The Auth struct includes its own version field, independent of the delivery message version. This allows auth changes to evolve separately from the delivery protocol.

Legacy Support

  • version == 0: No auth. Server behaviour is configurable:
    • Development: Allow legacy calls (default for cargo run).
    • Production: Reject legacy calls (default for Docker deployment).
  • version == 1: Full auth.
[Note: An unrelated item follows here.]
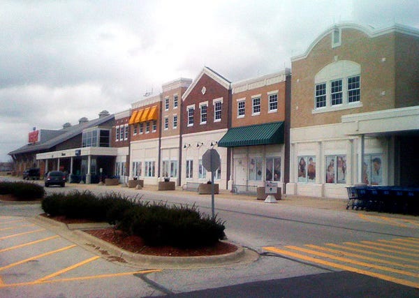 No foolin'? Yes, foolin. This new Meijer Big Box store in Aurora, Illinois, is all tricked out like Main Street, USA -- well, actually a cartoon of Main Street. Why? Because we have become a cartoon nation of cartoon people who are only worthy of cartoon surroundings. American life has no dimension, and that's just fine with us. By the way, this is not an example of the New Urbanism. This is merely the new schlock. Kunstler predicts that this development will have a shelf-life of under ten years as the entire Happy Motoring / Chain Store / Trucking / Consumer nexus whirls around the drain of the post-oil singularity, and we discover the hard way that neither bio-fuels nor electric cars will save it. Below is the interior of the magic box behind the fake shopfronts. Thanks to Tim Moyer for the tip!

This is the target for M4+.

N-1 Integration Tests

Compatibility testing covers:

  • New client (v1 auth) against new server -- expected: full auth flow works.
  • Old client (v0 legacy) against new server in dev mode -- expected: legacy calls succeed.
  • Old client (v0 legacy) against new server in prod mode -- expected: clean rejection with AUTHENTICATION_REQUIRED.
  • New client (v1 auth) against old server -- expected: server ignores unknown Auth struct fields; operations succeed if server does not enforce auth.

Implementation Sequence

  1. Extend Cap'n Proto schemas with the Auth struct and add it to all NodeService methods.
  2. Implement token validation middleware in server RPC handlers; add an in-memory token store (upgradeable to SQLite at M6).
  3. Bind identityKey to account on upload; enforce on fetch/enqueue.
  4. Add tests: unit tests for token validation; integration tests for auth success and failure paths.
  5. Add rate limiting middleware with configurable thresholds.
  6. Add audit logging for all auth-related events.